The first table is represented by the predicate `'GOAL_ITEM'`.
This predicate simply consists of a number of unit-clauses indicating
all goals that have been searched completely. Thus, before we try to
attempt to solve `Goal` we first check whether a goal item for
that goal already exists. Given the fact that `Goal` may contain
variables we should be a bit careful here. Unification is clearly not
appropriate here since that may result in a situation in which a more
general goal is not searched because a more specific variant of that
goal had been solved. We want exactly the opposite: if a more general
version of `Goal` is included in the goal table,
then we can continue to look for a solution in the result table.
It is useful to consider the fact that if we had previously
solved e.g. the goal `parse(s,3,X,3,12)`, then if we later
encounter the goal `parse(s,3,Y,3,10)`, we can also use the second
table immediately: the way in which the extreme positions are used
ensures that the former is more general than the latter. The
predicates for the maintenance of the goal table are defined in (3.1).

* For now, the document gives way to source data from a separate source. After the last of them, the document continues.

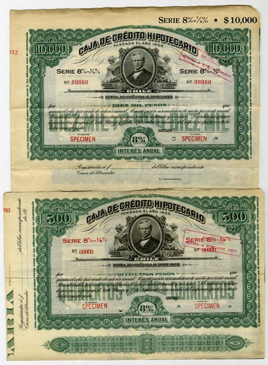Santiago, Chile, ca. 1900-30s. Lot of 2 Specimen 8%-1/2% Coupon Bonds in Spanish: 500 Pesos in green; and 10,000 Pesos in green. Both have red specimen overprints, 00000 serial numbers, and POCs. VF condition, ABNC.
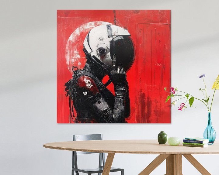 Sur un fond rouge profond, évocateur à la fois de passion et de fatigue, un soleil blanc déclinant projette une lueur éthérée, illuminant doucement la silhouette sombre de l’astronaute. Cette juxtaposition crée un effet visuel saisissant qui attire le spectateur, l’invitant à réfléchir sur les voyages terminés et les nouveaux commencements à l’horizon.
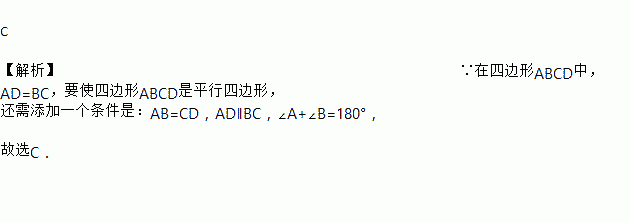 在四边形ABCD中,AD=BC,若四边形ABCD是平行四边形,则还应满足( )
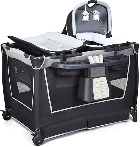 Giantex 5 en 1 lit parapluie pliable pour bébé 0-36 mois lit cododo avec matelas,table à langer,garde-corps réglable,sac et 3 jouets - Vente de Lit bébé - Conforama table a langer pour lit parapluie
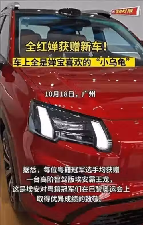 不管是從職業角度看還是從生活角度看,這輛車給她帶來的意義似乎更多是個身份象徵——獎牌是她的付出與努力的體現,而車子,則是公眾對她成就的標配獎品。
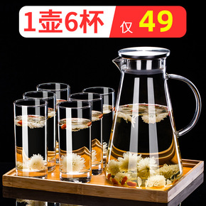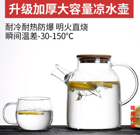 家用冷水壶高硼硅玻璃大容量水瓶凉白开水杯套装茶壶果...
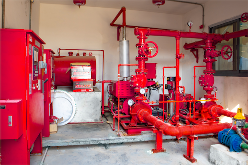 A large storage of water in tanks, either underground or on top of the building called fire storage tanks – A specialized pumping system – A large network of pipes ending in either hydrants or sprinklers (nearly all buildings require both of these systems)
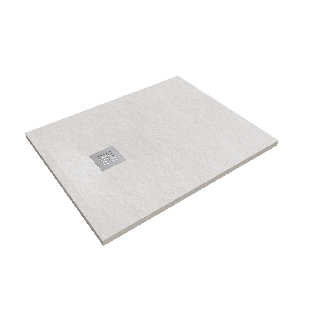 Piatto doccia in ceramica da appoggio/incasso filo pavimento cm 80×100 h3, finitura Stone. Piletta sifonata ø 90 mm con griglia in acciaio inox spazzolato inclusa.
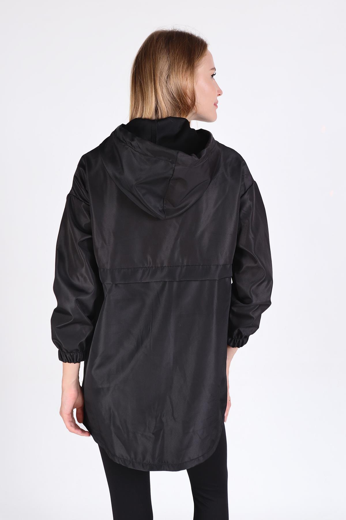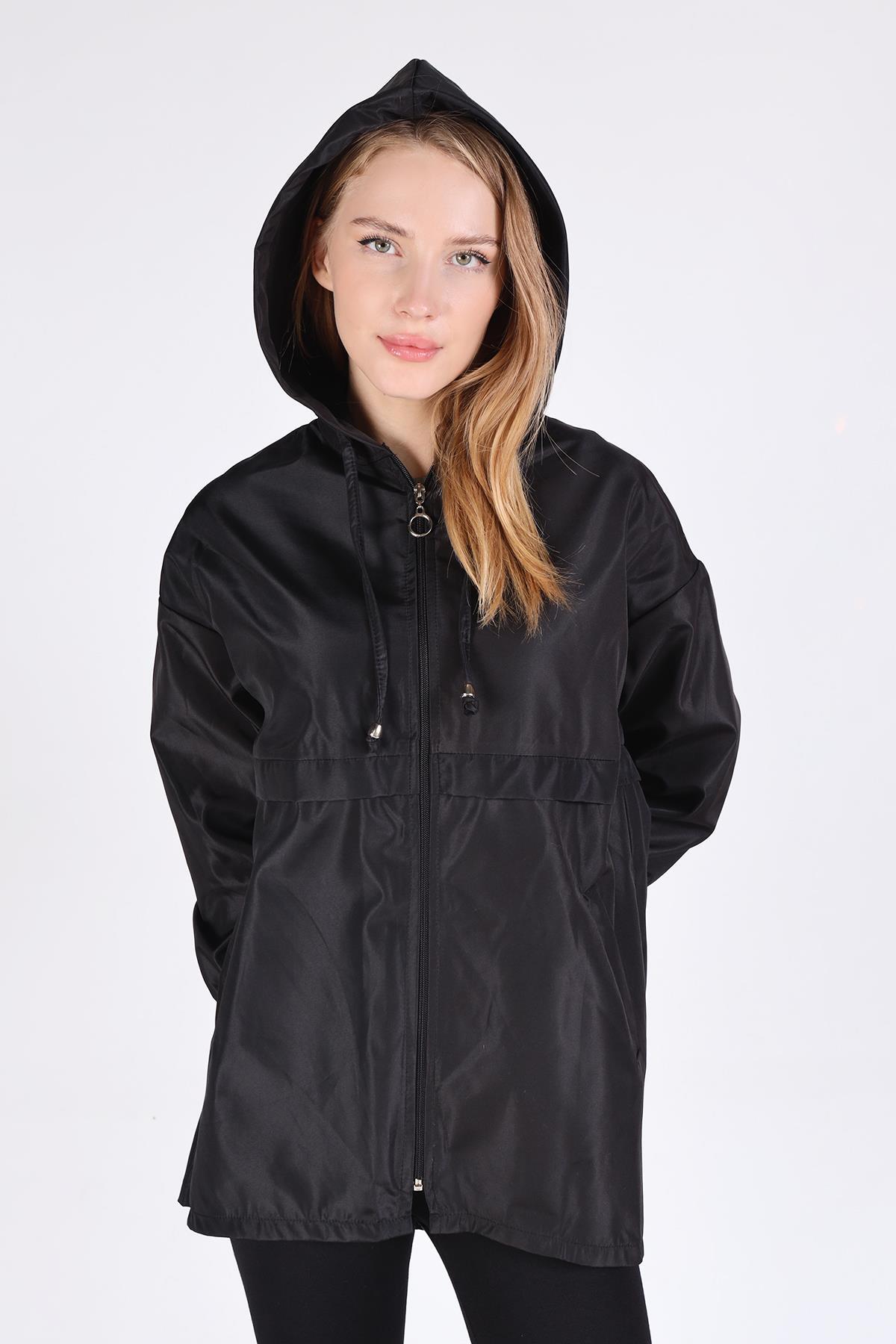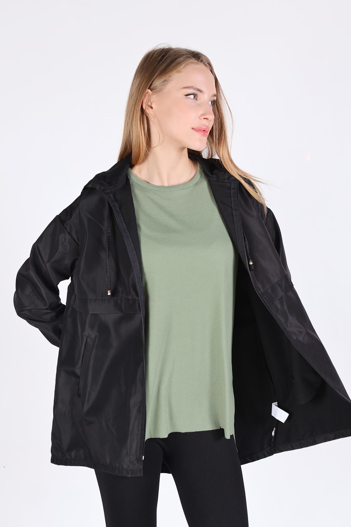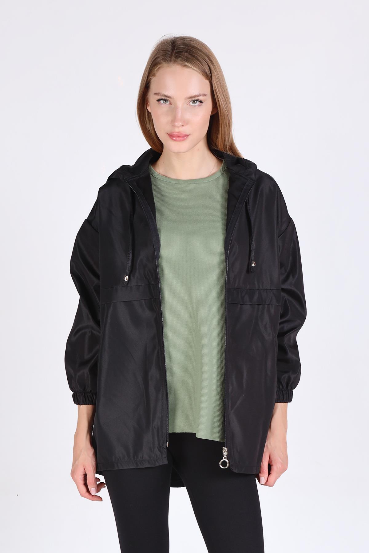 7312A Kapüşonlu Fermuarlı Kısa Kap Siyah
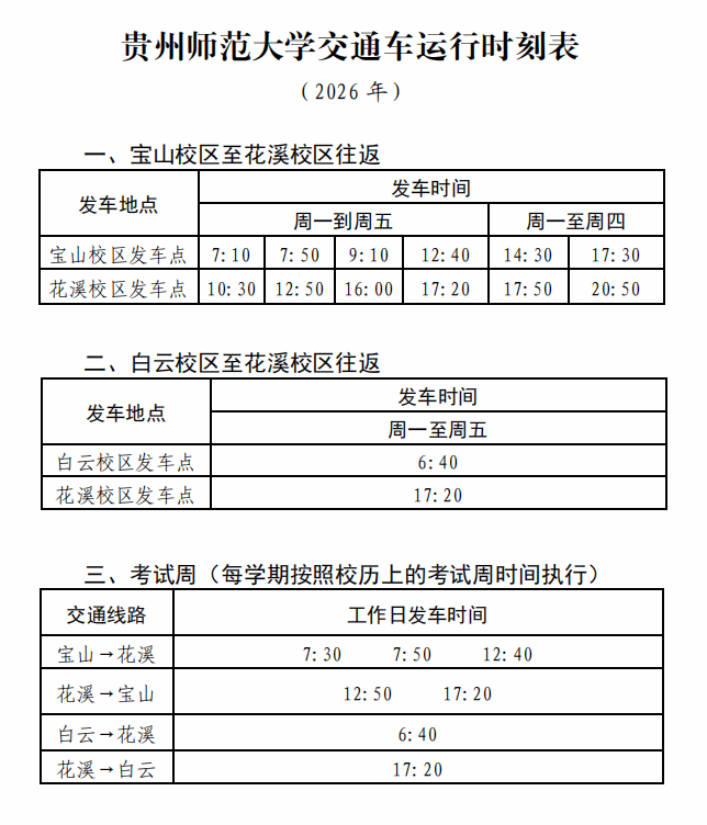 贵州师范大学交通车运行时刻表
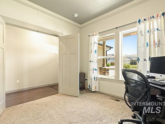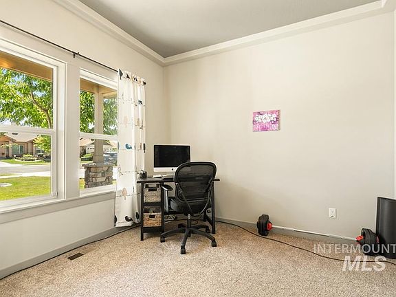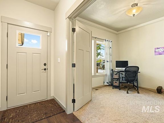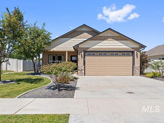 Beautiful turn key home in quiet New Plymouth neighborhood with no back neighbor. This 3 bed 2 bath home with a 2 car garage is in pristine condition and sits on a nice .22 acre lot. 9 foot ceilings throughout with a vaulted great room/kitchen gives it a nice open feel. Beautiful hand scraped hard wood flooring throughout entry and main living areas. Numerous windows provide an abundance of natural light throughout the home. Kitchen features granite counter-tops with a chiseled edge, custom hickory cabinets, double door pantry and a large island with a breakfast bar with a tile backsplash. Master bath features dual vanity with granite counter-tops, large oval tub with shower combo, & large walk in closet. You'll enjoy summer evenings and BBQs on the large covered back patio. Fully fenced back yard with pasture as a back neighbor. This well maintained yard has mature trees and landscaping in both front and back of the home. Don't miss out on this move in ready home! Call for a showing today!
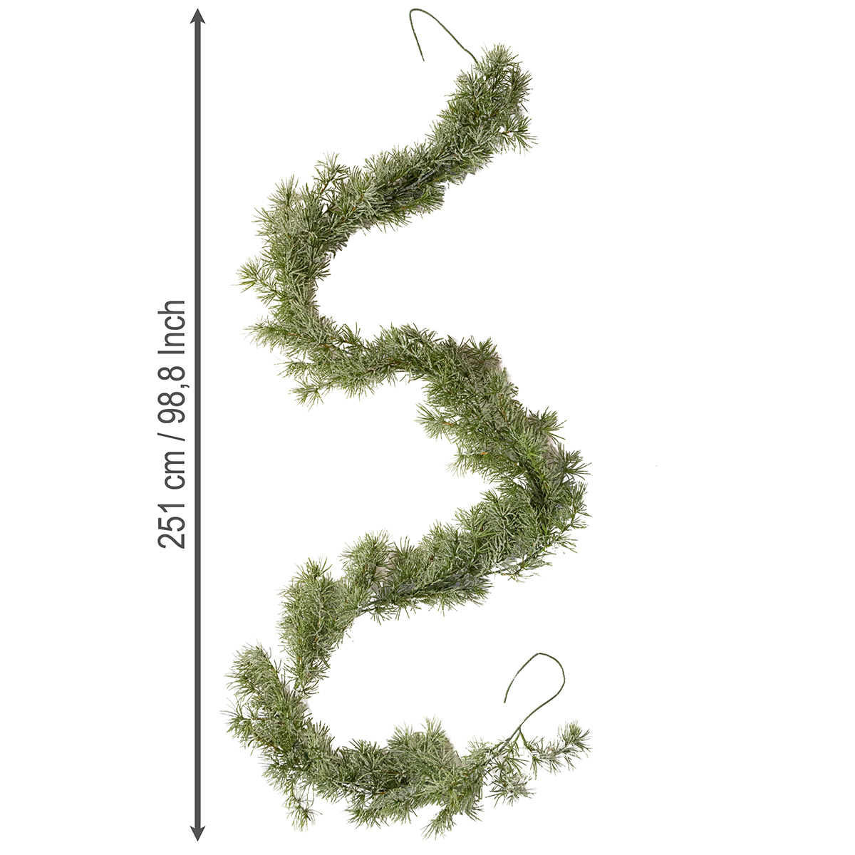Hvem elsker vel ikke den koselige, varme atmosfæren når dagene blir kortere? Vår dekorative lerkgirlander, med sin imponerende lengde på 250 cm, gir et snev av naturlig eleganse til ethvert rom. Leter du etter noe som fanger sjarmen til en ekte grangren, men som er lite vedlikeholdskrevende og ikke feller nåler? Voilà – her er den perfekte løsningen! Med sitt realistiske grønne, frostede utseende er den kunstige lerkgirlanderen et fantastisk alternativ til ekte grangirlandere. Enten det er til jul, høst eller som en tidløs dekorasjon, passer den uanstrengt inn i ethvert dekorasjonskonsept. Har du tenkt på hvor flott den ville sett ut på peishyllen din? Eller viklet rundt trapperekkverket, kombinert med lyslenker og små ornamenter? Lerkgirlanderen er en ekte allrounder og lar kreativiteten din løpe løpsk. La deg bli inspirert og bring et snev av stil og hygge inn i hjemmet ditt!
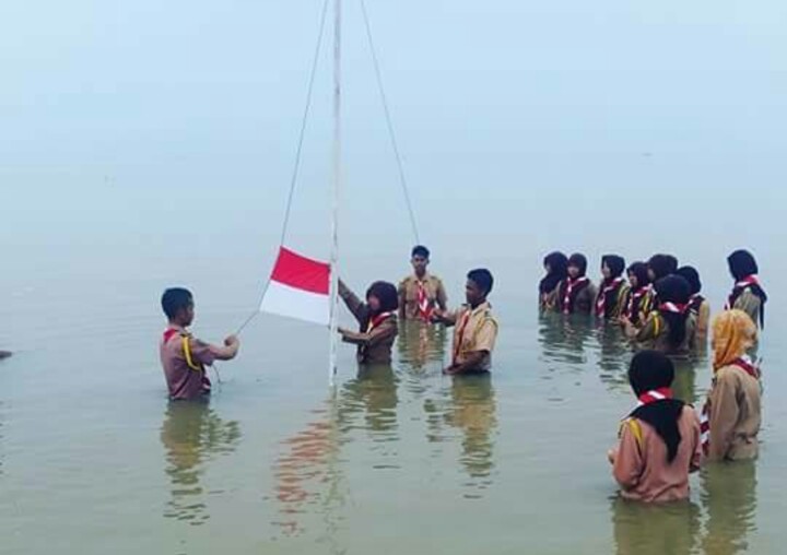 Saat itu meski “berbasah-kuyup”, puluhan anggota pramuka dengan rapi melakukan baris-berbaris dan menaikkan bendera, layaknya upacara pada umumnya.
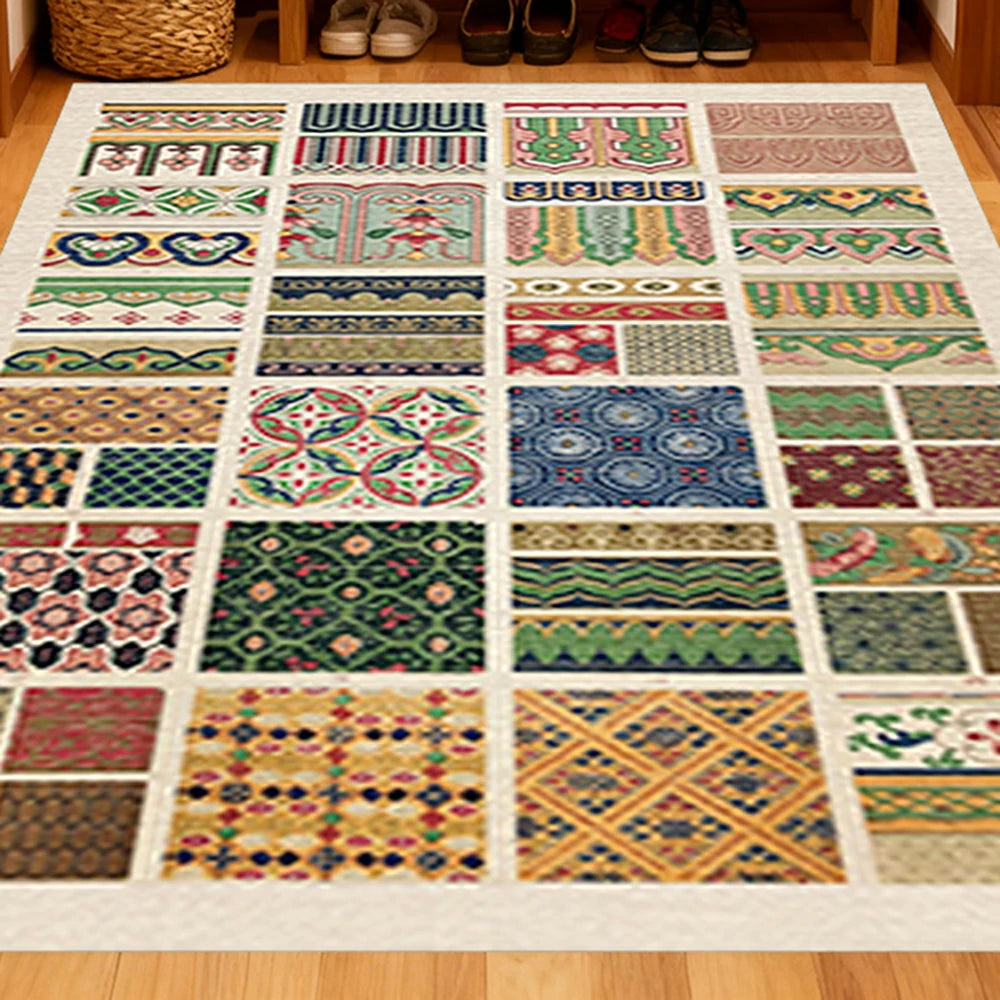 LIVARA 160/200cm Patchwork Vintage Pattern Loop-Pile Rug - Upgraded Non-Slip Eco Cotton-Latex Backing - Waterproof, Stain-Resistant, Soft & Durable - Multi-Color
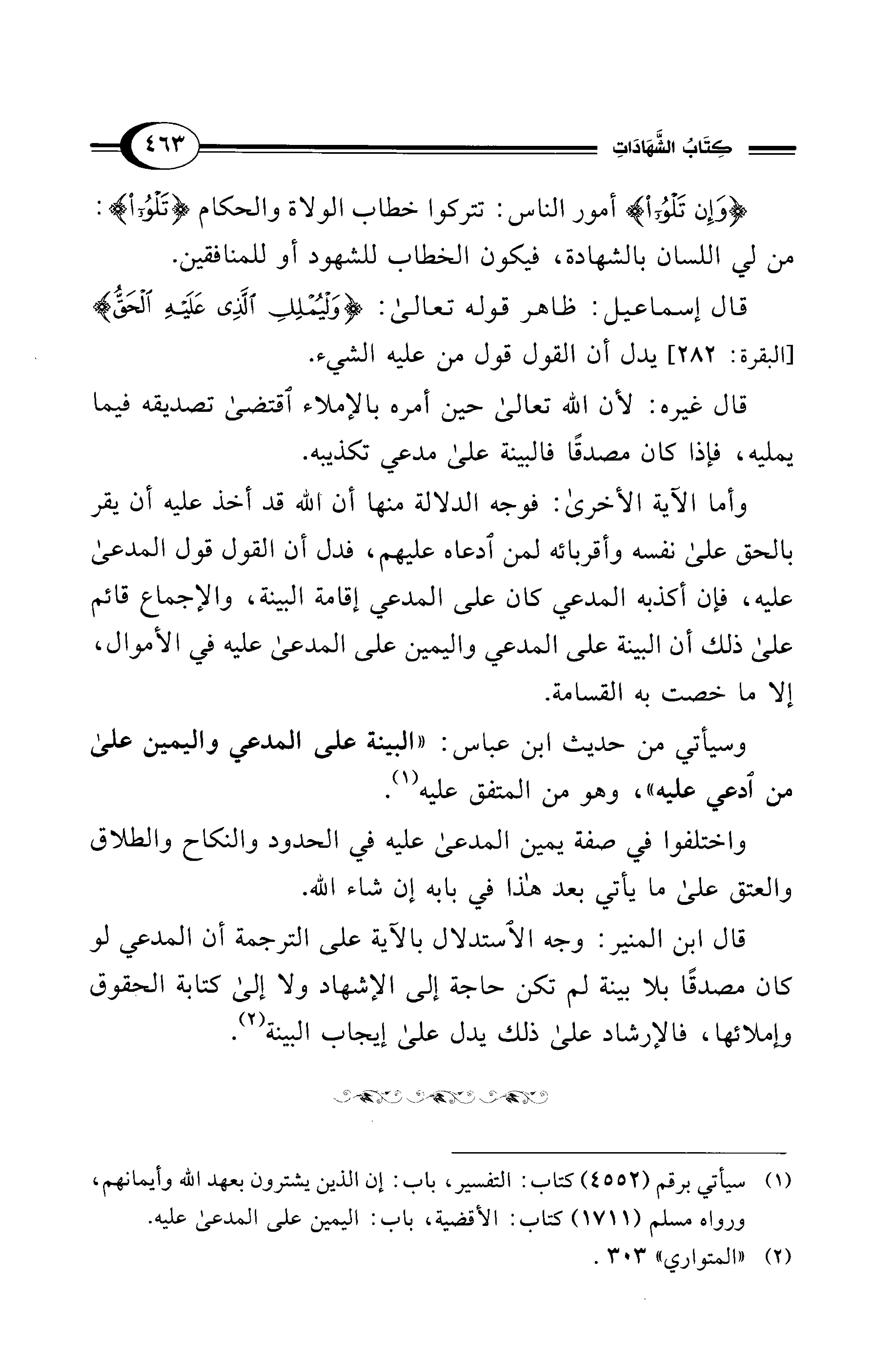 قال ابن المنير: وجه الاستدلال بالآية على الترجمة أن المدعي لو كان مصدقًا بلا بينة لم تكن حاجة إلى الإشهاد ولا إلى كتابة الحقوق وإملائها، فالإرشاد على ذلك يدل على إيجاب البينة (¬2).
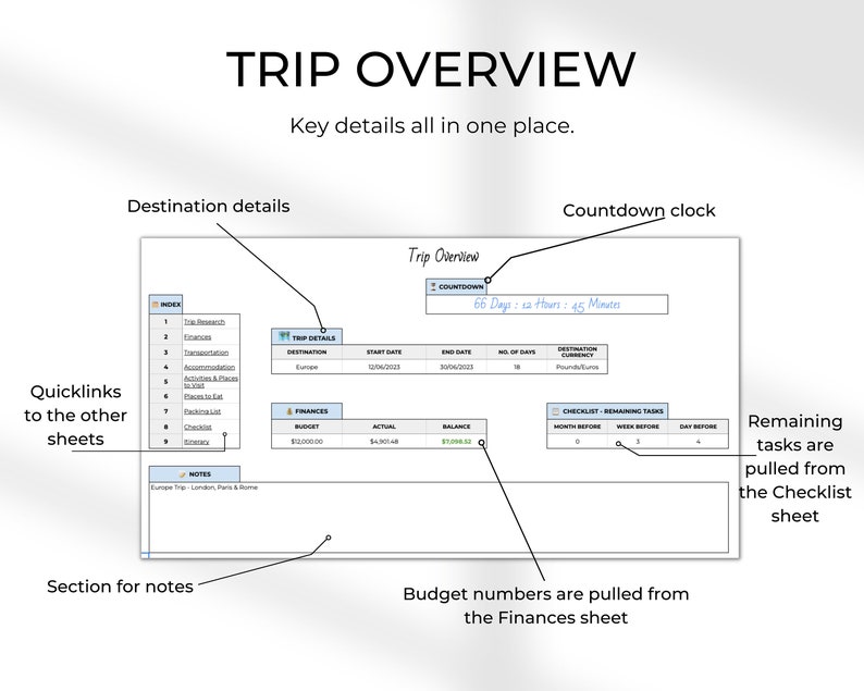 Trip Overview – Snapshot of your trip details on one page. Includes a countdown timer and quick links to the other sheets. Some information from this sheet is automatically pulled from other sheets.
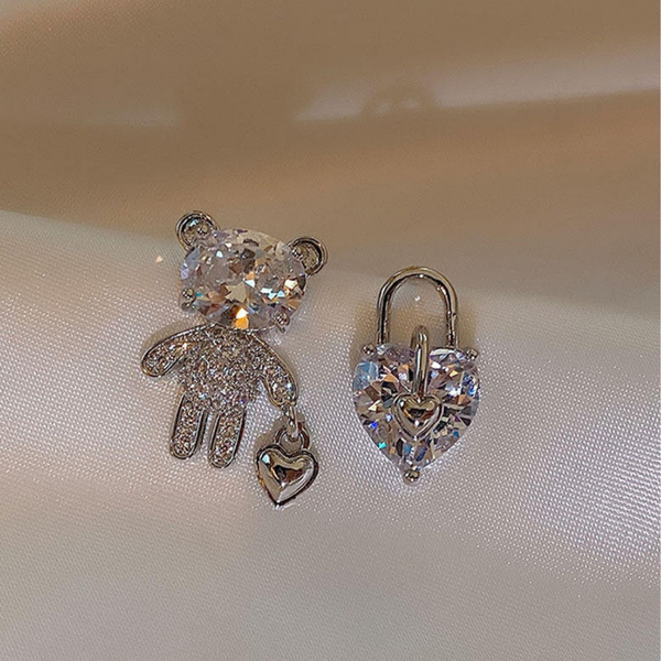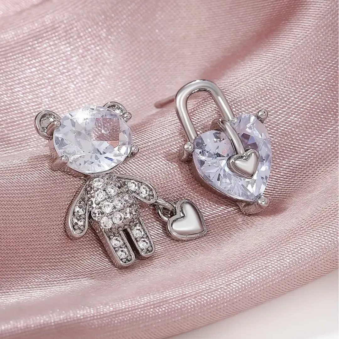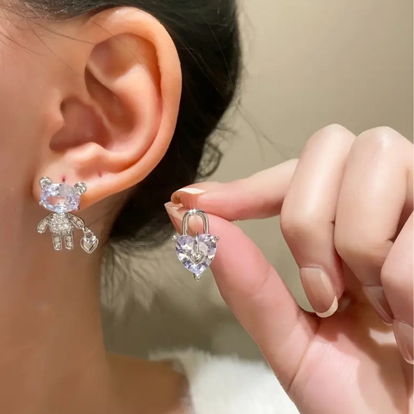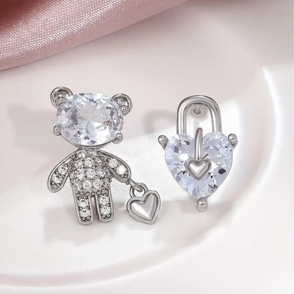 Sparkling Teddy Bear & Heart Lock Earrings
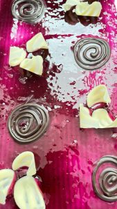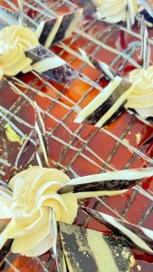 Торт “Рубиновый рассвет” представляет собой три слоя выпеченного полуфабриката, прослоены кремом “Сливочно-молочный”. Поверхность заглазирована кремом «Сливочно-молочный» и декорирована крошкой выпеченного полуфабриката “Марсала”.

The second table is represented by the predicate `'RESULT_ITEM'`.
It is defined by unit-clauses which each represent an instantiated
goal (i.e. a solution). Each time a result is found, it is checked
whether that result is already available in the table. If so, the
newer result is ignored. If no (more general version of) the result
existed, then the result is added to the table. Moreover, more
specific results which may have been put on the table previously are
marked. These results need not be used anymore. ^{4} This is not
strictly necessary but is often useful because it decreases the size
of the tables; in this approach tables are redundancy-free and hence
minimal. Moreover, such more specific results cannot be used anymore
and no work will be done based on those results. Note that
RESULT_ITEMs do not keep track of the extreme positions. This implies
that in order to see whether a RESULT_ITEM is applicable we check
whether the interval covered by the RESULT_ITEM lies within the
extreme positions of the current goal. The predicates dealing with
the result table are defined in (3.1).

The implementation uses a faster implementation of memoizating in which both goal items and result items are indexed by the functor of the category and the string positions.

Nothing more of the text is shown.